LES MINERAUX

La cristallisation (3)

 

Debout, pâle, il annonce d'une voix forte :
" La légende des soeurs Nichon et leur récurrence ! "
" C'est quoi la récurrence ? " demande Asthmatic-Man entre deux expectorations suspectes.
" CHUT ! " crièrent en choeur les autres bandits, enfin le silence se fit.


" Filles d'un riche et avare propriétaire terrien, les trois soeurs Nichon, Cor, l'ainée, Lébo et Tavumé, la cadette se mouraient d'ennui dans cette vallée perdue où la consanguinité et l'alcool de bois faisaient des ravages.

Ainsi quand un prince charmant vint avec son escopette pour chasser le blaireau (fort abondant) il eût tôt fait de séduire les jeunes filles, Fourme d'Ambert* , c'était son nom, promit de les aider à s'enfuir.
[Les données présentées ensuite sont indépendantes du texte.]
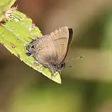 - 1 2 Nishida, Kenji; Robbins, Robert K. (11 November 2020). "One side makes you taller: a mushroom–eating butterfly caterpillar (Lycaenidae) in Costa Rica". Neotropical Biology and Conservation. 15 (4): 463–470. doi:10.3897/neotropical.15.e57998. eISSN 2236-3777.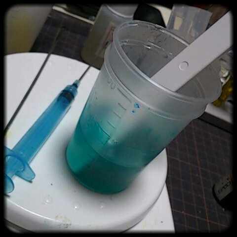 主剤10に対して硬化剤5、つまり2:1の割合で調合。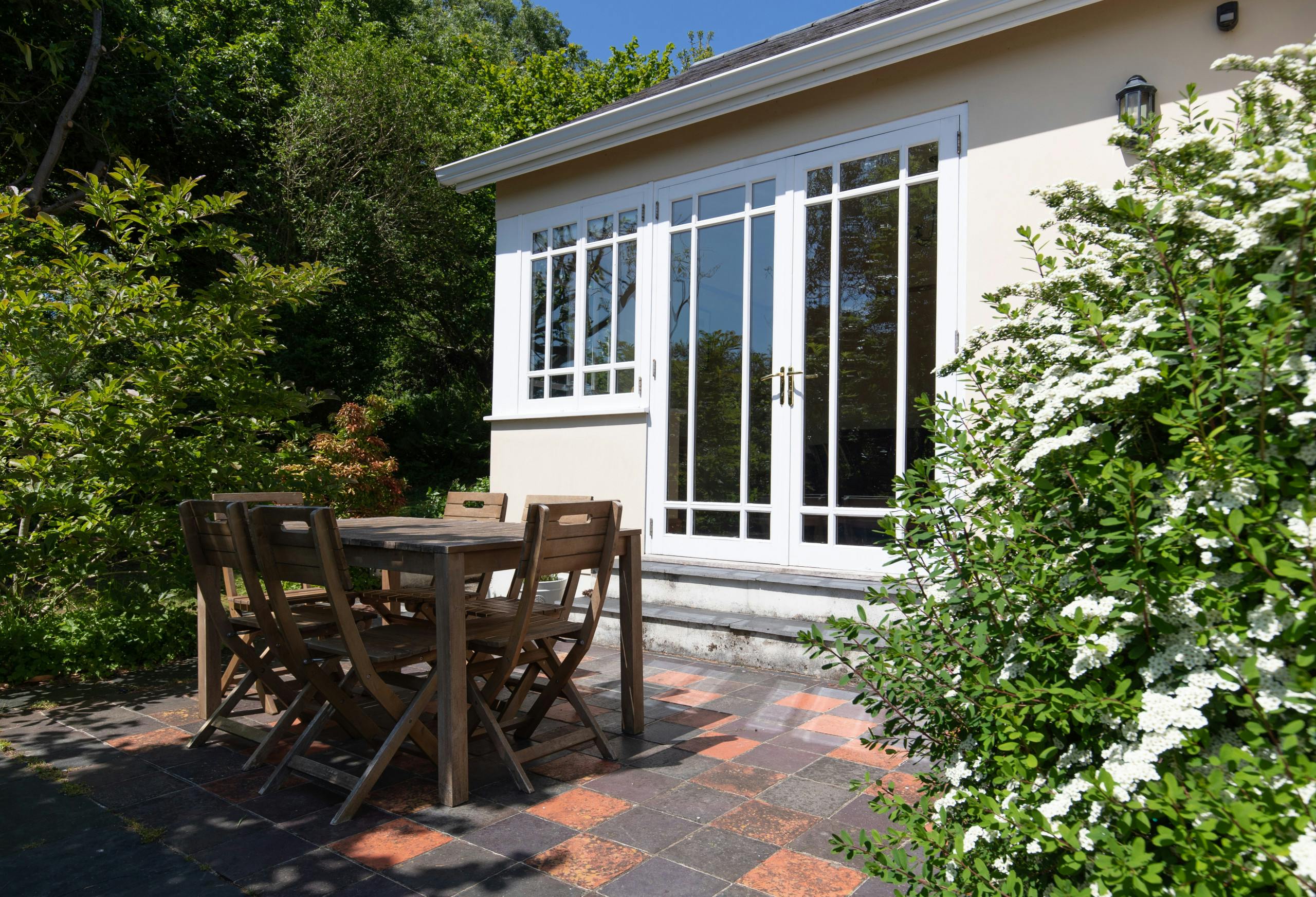 Garden room: two 2-seater sofas, desk, and chair for remote working. French doors to the garden terrace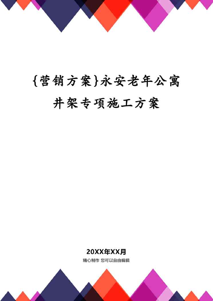 不久前,最新文档《{营销方案}永安老年公寓井架专项施工方案》全文正式在本站发布,感兴趣的用户可以下载阅读。 声明:本站所有文章,如无特殊说明或标注,均为本站原创发布。任何个人或组织,在未征得本站同意时,禁止复制、盗用、采集、发布本站内容到任何网站、书籍等各类媒体平台。如若本站内容侵犯了原著者的合法权益,可联系我们进行处理。

Son plan était simple, le moment venu, les trois soeurs devaient attendre devant le calvaire la sortie du carosse princier qui les emmènerait à la ville aux dix mille lumières.
Le soir prévu, les demoiselles préparèrent leurs affaires, ravies à l'idée d'échapper à leur inquiétant géniteur.
Quand il fit totalement noir, elles se glissèrent en silence hors de la maison familiale et se dirigèrent vers le lieu du rendez-vous.
Arrivées devant la croix de pierre, elles posèrent leurs baluchons et attendirent patiemment.
Il neiga énormément cette nuit là, une vraie tempête (peut-être les premiers effets du réchauffement climatique).
Le carosse avait pris beaucoup du retard, en arrivant devant le calvaire, Fourme ralentit, appela doucement mais ne voyant personne continua sa route car il ne voulait pas être en retard pour le bal costumé.
Les soeurs Nichon ne réapparurent qu'au printemps suivant, à la fonte des neiges.
Sagement rangées au pied du calvaire avec leurs petits sacs à la main, congelées mais intactes.
Leur triste destin marqua les esprits et l'imaginaire local.
C'est pourquoi certains soirs quand la neige tombe drue et que souffle la terrible " molle du lac*" on évite de sortir pour ne pas croiser ces trois pauvres créatures dans leur écrin de glace qui saluent doucement de la main les voitures qui passent ..."

 

Quand Peldugland termina son récit, tout le monde pleurait, même Denion de Lyon qui pourtant n'est pas un tendre.

 

* Fourme d'Ambert : Fils du redouté Came Ambert dit " le noeud coulant ", Fourme périt couvert de gloire et percé de trous à la bataille de Mécouille dans les Ardennes.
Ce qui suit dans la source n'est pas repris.